A calibration framework for DEM models based on the stress-strain curve of uniaxial compressive tests by using the AEO algorithm and several calibration suggestions

Before the discrete element method (DEM) is implemented for numerical simulations, the microparameters of the DEM models should be calibrated. Microparameter calibration is a critically important procedure for numerical DEM simulations. The macroparameters obtained from physical tests (e.g. UCS, Young's modulus, Poisson's ratio) were used to calibrate the microparameters of DEM models. However, the mechanical characteristics of rock materials cannot be fully reflected by the macroparameters. Hence, in this paper, the stress-strain relationships of uniaxial compressive tests were used for calibrating the microparameters of DEM (discrete element method) models by using the artificial ecosystem-based optimization (AEO) algorithm, combined with a Python script and a stress-strain curve of uniaxial compressive tests from laboratory experiments. Additionally, a microparameter calibration framework was proposed.
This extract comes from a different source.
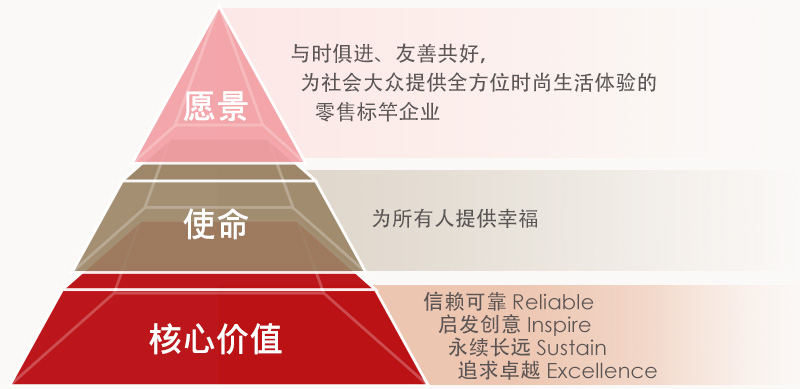 远东SOGO在追求营运与管理绩效的同时,积极推动环境永续、社会共好,以ESG(环境、社会、治理)三大构面巩固EPS(公司创造每股获利),又以EPS挹注ESG,建构一个与所有利害关系人共荣永续的生态系。我们的愿景是成为「与时俱进、友善共好,为社会大众提供全方位时尚生活体验的零售标竿企业」。我们的使命是「为所有人提供幸福」-Bring Happiness to All。我们的核心价值是R.I.S.E.- 四个英文词汇的字首组合:「信赖可靠Reliable」、「启发创意Inspire」、「永续长远Sustain」、「追求卓越Excellence」。

To verify the validity of the proposed method, two examples were evaluated, and the numerical simulation results indicated that the proposed method can be applied to calibrate the microparameters of DEM models. Moreover, to analyse the influence of each microparameter on the stress-strain curve of uniaxial compressive tests, a large number of numerical simulations were conducted. Finally, based on the analysis, some microparameter calibration suggestions were provided. This study provides a new method for calibrating microparameters and provides calibration suggestions that are critically important for numerical DEM simulations.